We've reached the point of life where our survival mode when you were a newborn seems so long ago, almost like a dream. You're actually sleeping through the night now, and it's so wonderful, I don't know how we could ever go back to the way things were. It's less survival, more fun. Our Christmas week together was just so. much. fun.
You laugh, but more accurately, you cackle. You have such a loud, distinctive, burst of laughter, it's contagious. Some times we can make it happen if we try being silly or surprise you in some way. Other times it's completely random, and we're left wondering what you found so funny.
You're such a part of our family now. It's not so much that we wonder where you came from and stare at you with amazement, it's more we can't remember a time when you weren't here. It seems odd that our family used to exist without you at the center. We had the opportunity to go to a movie, just me and Tom this week. And at the end all I wanted to do was go squeeze you. And so we did.

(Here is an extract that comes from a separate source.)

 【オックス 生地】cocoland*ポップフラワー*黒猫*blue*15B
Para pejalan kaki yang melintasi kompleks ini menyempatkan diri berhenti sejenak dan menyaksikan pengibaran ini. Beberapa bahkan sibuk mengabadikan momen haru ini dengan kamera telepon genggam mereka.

You're exploring food more, still trying to figure out this crawling thing, and are totally rocking the sleep lately. You still love people, watching the cat, and going to school. I'm starting to see small things in your behavior and personality that remind me of myself. I think you're ticklish. If I touch the back of your neck, your shoulder automatically goes up, and you scrunch up. It's the same thing I do when Tom touches the back of my neck. An involuntary twitch because it tickles. When you're falling asleep you scrunch around on your stomach, moving back and forth to find your sweet spot for sleep, and the other day Tom and I realized that I do the exact same thing. Small hints that you might actually have a piece of me in there too.
When you're cold, unhappy or scared you've started doing this thing where you clasp your hands together in one big fist and pull them up to your chest and rock back and forth. It would be so cute if I wasn't trying to quickly fix whatever it is that was making you unhappy.

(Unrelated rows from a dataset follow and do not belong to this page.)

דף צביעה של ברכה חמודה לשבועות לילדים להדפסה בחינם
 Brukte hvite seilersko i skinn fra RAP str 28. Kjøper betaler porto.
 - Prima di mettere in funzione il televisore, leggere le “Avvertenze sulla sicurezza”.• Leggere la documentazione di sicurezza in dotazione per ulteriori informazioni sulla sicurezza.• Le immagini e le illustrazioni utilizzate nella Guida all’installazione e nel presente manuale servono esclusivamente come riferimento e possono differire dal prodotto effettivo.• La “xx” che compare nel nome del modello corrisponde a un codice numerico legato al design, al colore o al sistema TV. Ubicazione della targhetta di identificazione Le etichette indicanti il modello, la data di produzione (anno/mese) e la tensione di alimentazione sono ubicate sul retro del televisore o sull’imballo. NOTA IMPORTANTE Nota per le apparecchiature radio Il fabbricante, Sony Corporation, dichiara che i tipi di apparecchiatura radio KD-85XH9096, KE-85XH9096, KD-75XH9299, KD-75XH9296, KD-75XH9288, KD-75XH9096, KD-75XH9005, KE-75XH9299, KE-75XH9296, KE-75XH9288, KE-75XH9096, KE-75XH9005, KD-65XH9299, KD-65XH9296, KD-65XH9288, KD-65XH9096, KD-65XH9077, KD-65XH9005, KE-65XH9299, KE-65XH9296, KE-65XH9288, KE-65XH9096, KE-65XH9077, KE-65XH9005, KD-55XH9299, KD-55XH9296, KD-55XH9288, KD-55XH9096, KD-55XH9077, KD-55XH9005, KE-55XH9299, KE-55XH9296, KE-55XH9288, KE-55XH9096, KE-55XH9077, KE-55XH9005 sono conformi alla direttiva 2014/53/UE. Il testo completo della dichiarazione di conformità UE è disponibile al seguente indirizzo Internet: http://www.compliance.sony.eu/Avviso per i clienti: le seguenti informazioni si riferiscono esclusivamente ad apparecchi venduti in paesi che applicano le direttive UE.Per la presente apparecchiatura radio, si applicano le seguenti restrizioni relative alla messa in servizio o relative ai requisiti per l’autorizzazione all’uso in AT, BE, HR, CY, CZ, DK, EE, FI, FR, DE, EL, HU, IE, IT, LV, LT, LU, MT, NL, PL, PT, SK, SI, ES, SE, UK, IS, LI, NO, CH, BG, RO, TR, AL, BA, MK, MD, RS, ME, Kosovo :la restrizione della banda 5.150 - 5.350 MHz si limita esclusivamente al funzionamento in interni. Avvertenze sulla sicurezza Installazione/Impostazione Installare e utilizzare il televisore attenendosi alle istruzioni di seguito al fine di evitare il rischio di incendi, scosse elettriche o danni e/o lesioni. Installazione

You've met a lot of family members this month that you hadn't met before. You're such a charmer, and you loved them all and immediately won them over. You constantly amaze me at how well you handle new situations and people, especially considering how much you love being home and sticking to your routine.
You are simultaneously the most exhausting and amazing thing that has ever happened to me, and I wouldn't have it any other way.